Auburn Water Watch uses honey bees to maintain stream water quality in Kenya

Beekeeping in Kenya

Auburn water researchers using bees to help Kenya with nutrition, income and river protection

      

 

       

Note: This feature story is based on a 2014 Auburn Speaks article written by William Deutsch of Auburn University’s Global Water Watch and Njogu Kahare of Kenya’s Green Belt Movement. The Auburn Speaks book, with the theme of food systems, safety and security, will be released during Auburn’s Research Week April 14-17. More information about Research Week is available at www.auburn.edu/researchweek.

Beekeeping in Kenya

Auburn’s Global Water Watch has joined with Kenya’s Green Belt Movement to find innovative ways of linking honey production with improved nutrition, higher incomes, community development and river protection. Pictured are community members displaying beekeeping supplies; William Deutsch of Auburn’s Global Water Watch is on the far left, while Njogu Kahare of Kenya’s Green Belt Movement is on the far right.
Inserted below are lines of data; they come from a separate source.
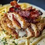 7. Assemble: Plate pasta, top with crispy chicken and chopped bacon. Garnish with parsley and more Parmesan.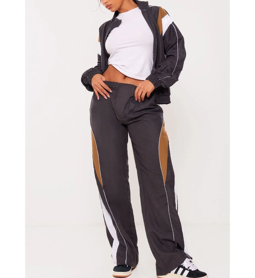 ชุดวอร์มกันลมผู้หญิงแบบ 2 ชิ้น สกรีนโลโก้และสีได้ ผลิตจากไนลอน 100% คุณภาพดีที่สุด ชุดวอร์มกันลมแบบ OEM สำหรับผู้หญิง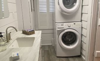 This is a true one bedroom home with an open concept living and kitchen area and full bath with washer and dryer. The living room features a pull out sofa with a queen size memory foam mattress. The bedroom includes a king size bed and dressing area with a lighted make-up mirror. High-end appliances compliment the kitchen and eating area for those who like to cook and eat in.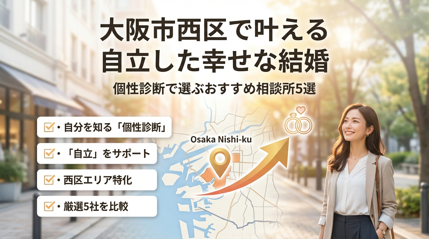 この記事では、大阪市西区の主要相談所を地図感覚で整理し、自立型婚活と依存型婚活のちがい、リアルな失敗ケース、伴走サポートの濃さを見抜く質問集までを実務目線で一本のロードマップとしてまとめました。読み終えるころには、「自分に合う結婚相談所はどこか」だけでなく、「どう動けば無駄なく成婚に近づけるか」まで、具体的にイメージできるはずです。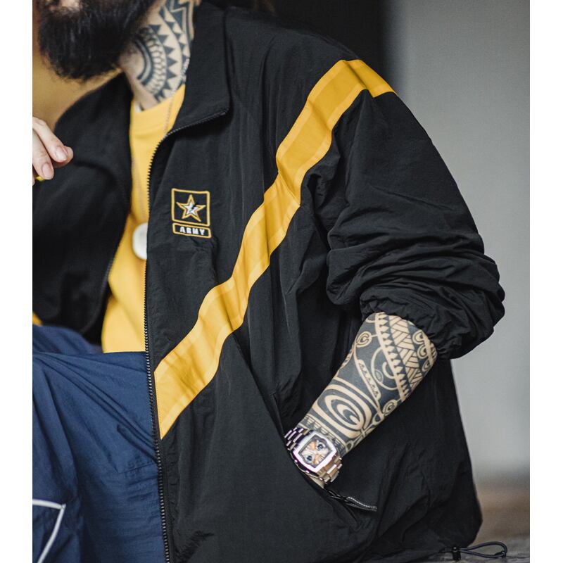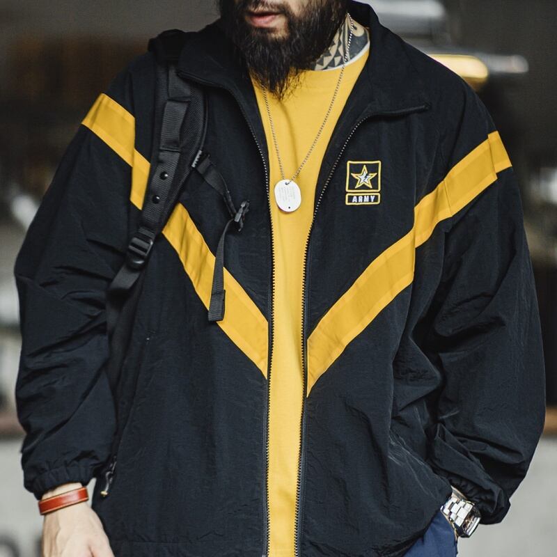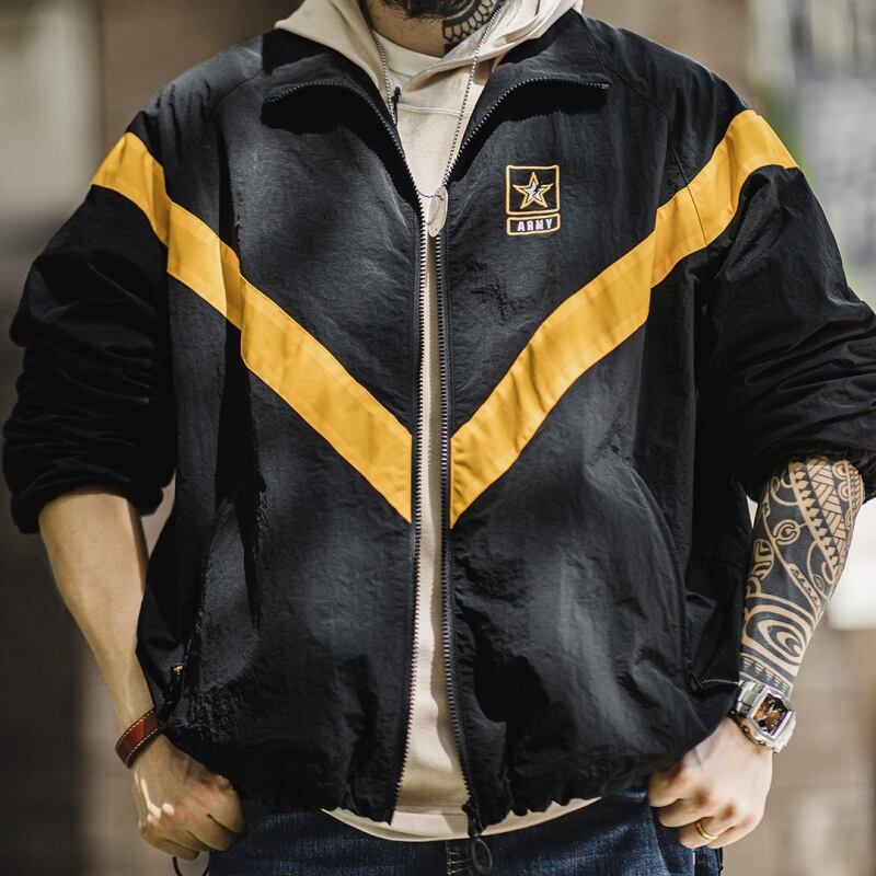 コントラストカラーのルーズスタンドカラージャケットA18577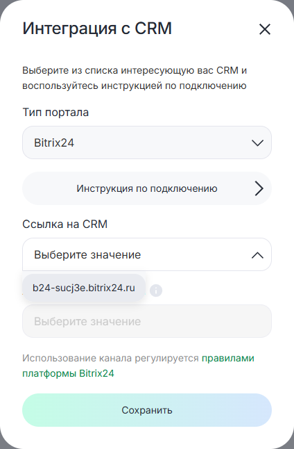 6. В поле «Ссылка на CRM» выберите ваш аккаунт в Bitrix24.

In Kenya, traditional cultures place a high value on honey and related products of the beehive – in the past it was part of the dowry or “bride price” for marriage, and a man needed to have at least 20 liters of choice honey to present to a prospective father-in-law when asking for his daughter’s hand.

More than just a tradition, this commodity could be the key to improving many aspects of Kenyan lives.

Auburn University’s Global Water Watch has joined with Kenya’s Green Belt Movement to find innovative ways of linking honey production with improved nutrition, higher incomes, community development and river protection.

“Honey has been an important part of the human diet for millennia, and gathering wild honey predates agriculture in many parts of the world,” said William Deutsch, Global Water Watch director. “We believe we can improve production, and in turn their lives and livelihoods, through cleaner water while also helping the environment.”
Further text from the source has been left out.